◆ WHAT IS REQUIRED ◆
Provide again, from the entries below, every line from the one containing "圖文:鏤空的大日期視窗,大方" through the one containing "With 206 bones", exactly as written, and no other line.

◆ DATA EXTRACTS ◆
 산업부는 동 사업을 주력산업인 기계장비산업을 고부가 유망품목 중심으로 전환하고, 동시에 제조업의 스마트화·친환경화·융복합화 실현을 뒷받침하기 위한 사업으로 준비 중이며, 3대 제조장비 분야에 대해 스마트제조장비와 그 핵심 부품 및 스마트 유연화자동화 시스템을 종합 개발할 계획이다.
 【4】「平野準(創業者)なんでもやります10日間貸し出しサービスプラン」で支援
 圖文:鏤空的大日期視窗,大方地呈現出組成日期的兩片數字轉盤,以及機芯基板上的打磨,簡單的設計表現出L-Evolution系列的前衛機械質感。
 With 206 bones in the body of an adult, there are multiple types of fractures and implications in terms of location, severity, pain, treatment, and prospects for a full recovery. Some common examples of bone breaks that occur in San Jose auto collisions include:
...
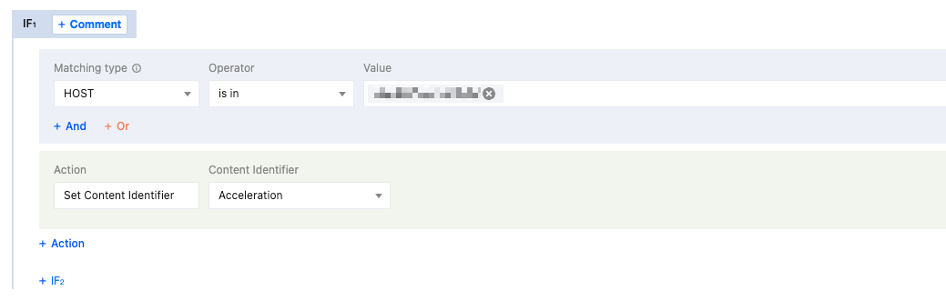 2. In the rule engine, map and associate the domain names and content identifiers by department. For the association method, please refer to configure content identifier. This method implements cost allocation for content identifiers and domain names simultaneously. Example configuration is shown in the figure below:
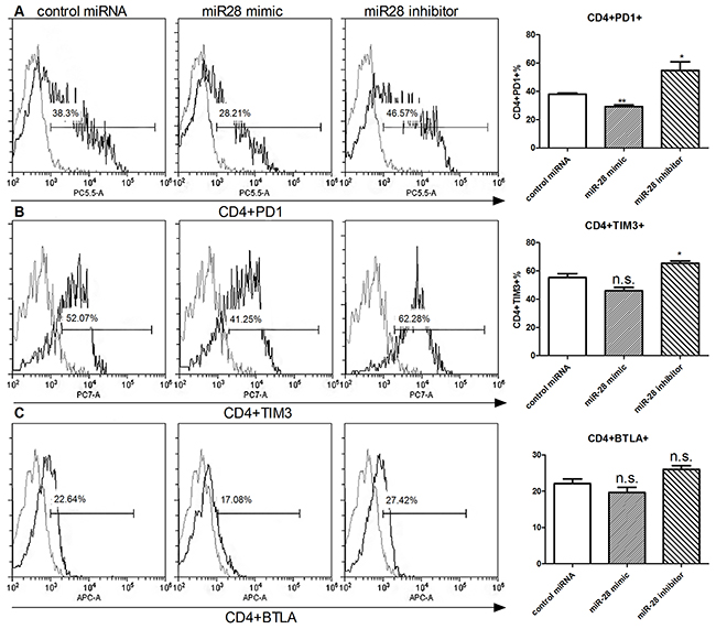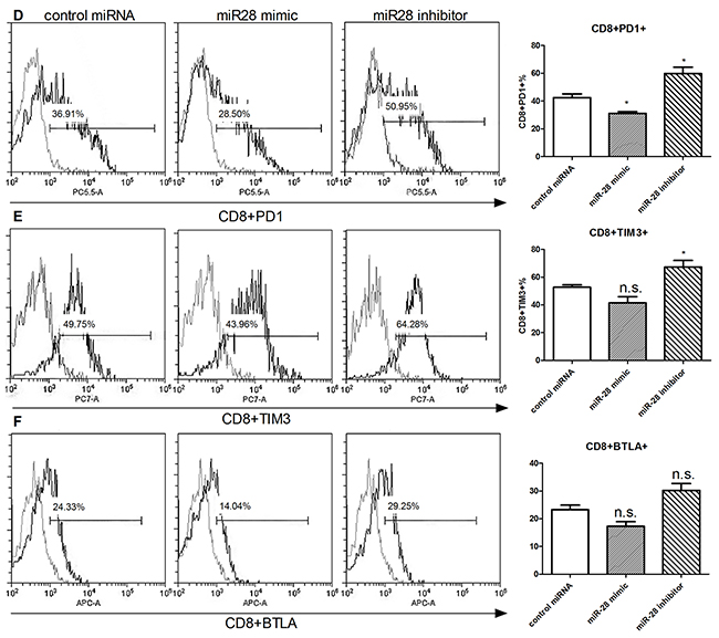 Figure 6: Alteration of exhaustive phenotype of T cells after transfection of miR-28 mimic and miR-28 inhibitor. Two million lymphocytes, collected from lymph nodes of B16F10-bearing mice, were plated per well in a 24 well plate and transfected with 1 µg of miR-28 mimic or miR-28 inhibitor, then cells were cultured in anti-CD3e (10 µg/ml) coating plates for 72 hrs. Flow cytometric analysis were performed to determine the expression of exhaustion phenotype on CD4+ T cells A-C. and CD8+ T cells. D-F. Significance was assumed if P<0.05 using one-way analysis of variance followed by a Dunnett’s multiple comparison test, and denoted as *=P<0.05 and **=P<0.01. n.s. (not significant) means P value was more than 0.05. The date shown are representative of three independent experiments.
---
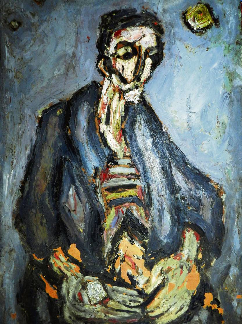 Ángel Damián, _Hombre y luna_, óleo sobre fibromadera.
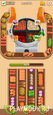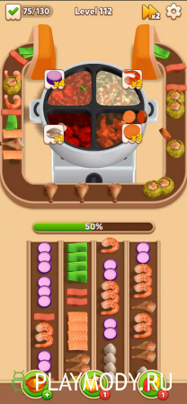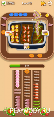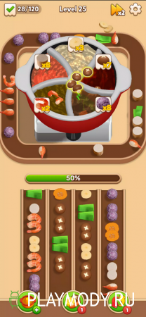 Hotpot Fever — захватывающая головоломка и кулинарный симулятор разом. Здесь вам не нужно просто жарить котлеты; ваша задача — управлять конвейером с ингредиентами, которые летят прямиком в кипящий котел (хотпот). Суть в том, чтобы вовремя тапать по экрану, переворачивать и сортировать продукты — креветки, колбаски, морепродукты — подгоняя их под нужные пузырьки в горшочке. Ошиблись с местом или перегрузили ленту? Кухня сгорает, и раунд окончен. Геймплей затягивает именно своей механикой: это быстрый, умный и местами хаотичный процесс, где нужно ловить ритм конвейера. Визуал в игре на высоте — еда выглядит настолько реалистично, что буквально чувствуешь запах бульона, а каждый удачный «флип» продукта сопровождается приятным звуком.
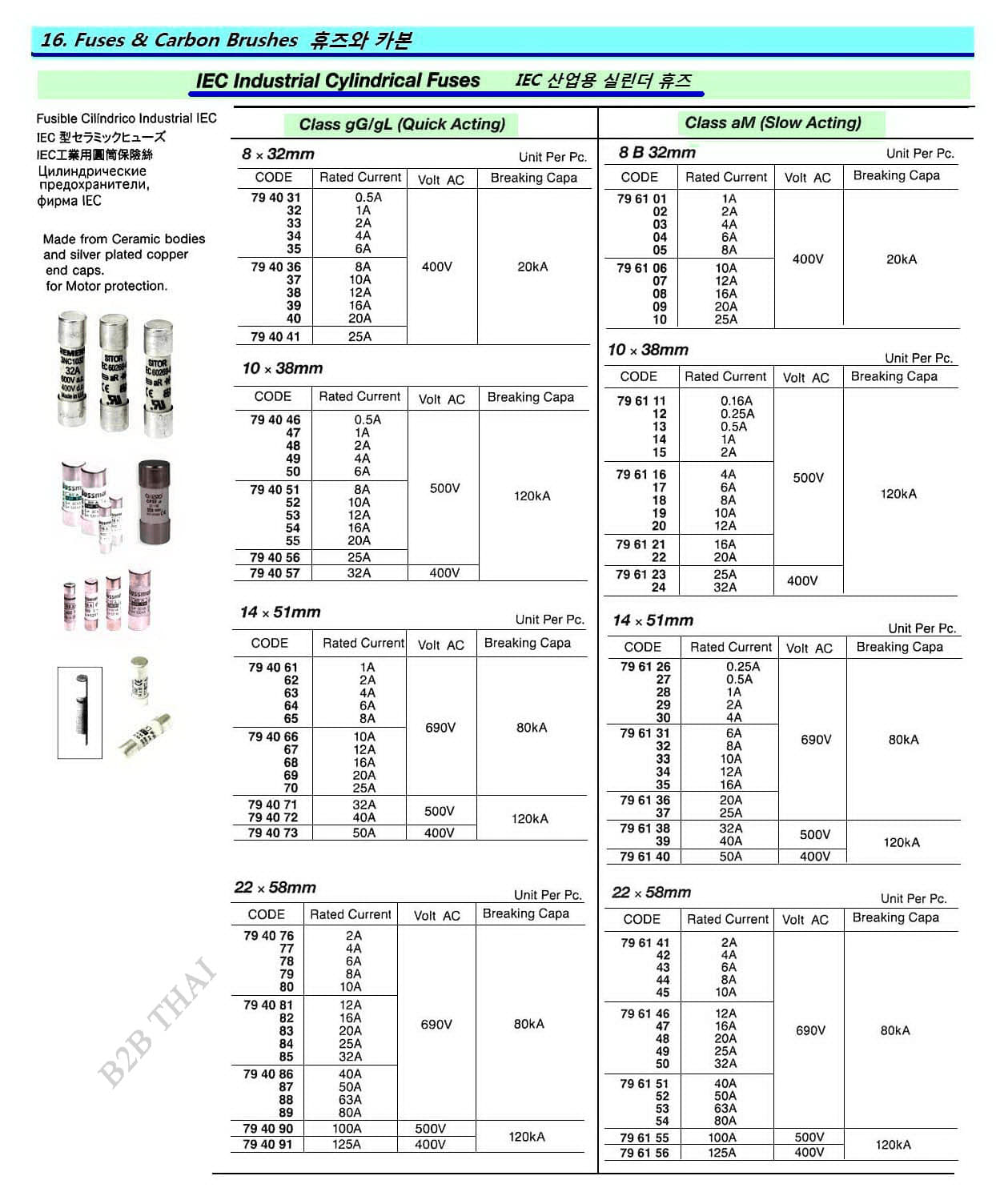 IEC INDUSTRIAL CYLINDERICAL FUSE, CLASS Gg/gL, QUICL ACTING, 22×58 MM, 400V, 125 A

◆ RESPONSE AREA ◆
 圖文:鏤空的大日期視窗,大方地呈現出組成日期的兩片數字轉盤,以及機芯基板上的打磨,簡單的設計表現出L-Evolution系列的前衛機械質感。
 With 206 bones in the body of an adult, there are multiple types of fractures and implications in terms of location, severity, pain, treatment, and prospects for a full recovery. Some common examples of bone breaks that occur in San Jose auto collisions include:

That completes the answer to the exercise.